2.2. Matéria de direito
O acórdão recorrido anulou a deliberou impugnada por entender que a mesma violou o principio da transparência, com a seguinte argumentação:
“(…) Importa que se recorde que o que acima se deixou exposto, constitui doutrina firme. Citam-se no aresto os Acs. do STA, de 21/6/94, in Ap. ao DR de 31.12.96, pag. 4999; ainda Acs. STA/Pleno, de 16/11/95, Ap. ao DR de 30/9/97, pag. 788; de 14/5/96, in AD n.º 419/1265; do Pleno de 19/12/97, Proc. N.º 28.280; do Pleno de 21/1/98, Proc. N.º 36.164; de 2/7/98, Proc. N.º 42.302, e ainda os do Pleno de 20.01.98, in Proc. Nº 36.164; também, o Ac do STA de 14.05.96, in AD nº 419/1265.

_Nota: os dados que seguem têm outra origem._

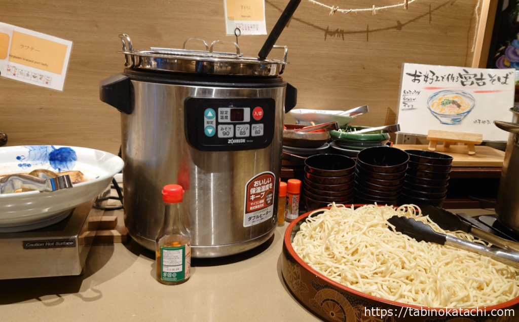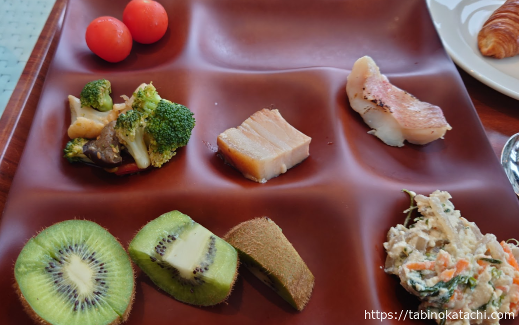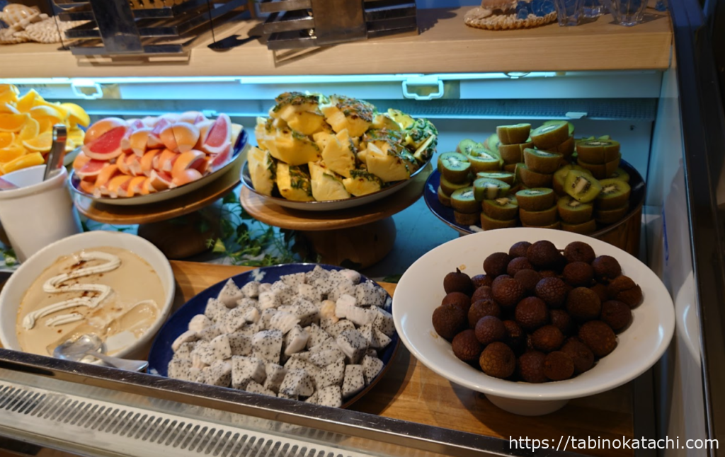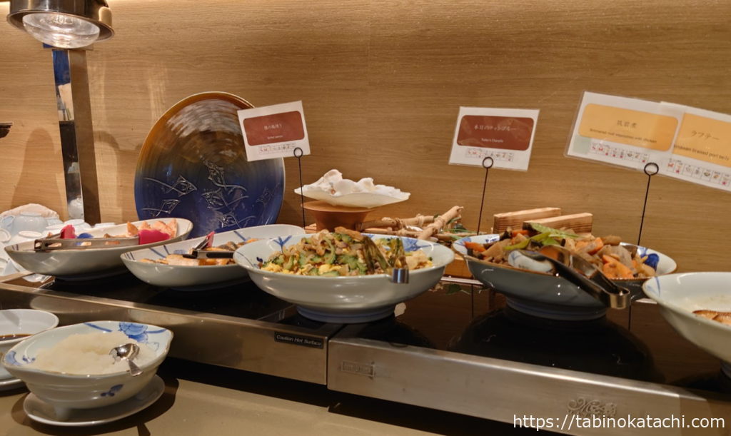 かなり幅広い品ぞろえで、日替わりの卵料理やウインナー、ハム、パンといった洋食、焼き魚や煮物、白和えなどの和食、日替わりのちゃんぷるーやラフテー、モズク酢などの沖縄料理などが並んでいます。カレーや宮古そばもありましたよ。そのほか、フルーツや、ヨーグルト、シリアル、日替わりのスイーツなど。

Mas, muitos outros se podem ver, citando-se entre apenas os seguintes os acórdãos: de 13-01-2005 (Rec. 0730/04), de 12-11-2003 (039386 PLENO), de 01-04-2003 (Rec.), de 24-9-96 (Rec. 36719), de 15-01-2002 (Rec.047615), de 30-3-93 (Rec. 28031), de 12-4-94 (Rec. 30968), de 24-9-96 (Rec. 36719) e de 2-4-98 (Rec. 41906) deste STA, e que pode resumir-se à asserção de que nos procedimentos concursais não devem modificar-se as regras do jogo, uma vez definido o quadro de um concurso e conhecidos que sejam (ou que possam sê-lo) os curricula dos seus oponentes, ou, como no caso, as suas classificações; regras essas que, por outro lado, terão que estar definidas antes da possibilidade de serem conhecidos aqueles curricula, ou, como no caso, as classificações obtidas pelos candidatos.
Ora, não se vê razão para que tais princípios não devam transpor-se para a situação em apreço, como irá ver-se.
Efectivamente, a salvaguarda do princípio da transparência concursal, que constitui uma garantia preventiva da imparcialidade, impõe que a Administração actue de forma a dar uma imagem de objectividade, isenção e equidistância dos interesses em presença, de molde a projectar para o exterior um sentimento de confiança, tudo de molde a que nenhuma dúvida possa subsistir relativamente à sua actuação A propósito, cf. Esteves de Oliveira e outros in Código do Procedimento Administrativo em anotação ao art.º 6.º
Ora, podendo considerar-se como legítima a aludida ponderação do Ministério Público, e devendo aceitar-se sem esforço como aplicável à situação em apreço a disciplina legal acima referida, decorrente, nomeadamente do citado artº 7º da Lei 13/2002, do ETAF (nº 3 do artº 61º), da citada Portª 386/2002, e bem assim do CPA, como decorre do nº 5 do seu artº 2º (e, portanto, como excluída, no geral, a aplicação do aludido regime do Dec. Lei 204/98 referente aos concursos na função pública), um evento sobreveio no procedimento em causa e que é repelido pelo que está implicado na observância devida ao princípio da imparcialidade que rege a actuação administrativa, plasmado no artº 6º do CPA, como decorrência do enunciado no artº 266ºda CRP.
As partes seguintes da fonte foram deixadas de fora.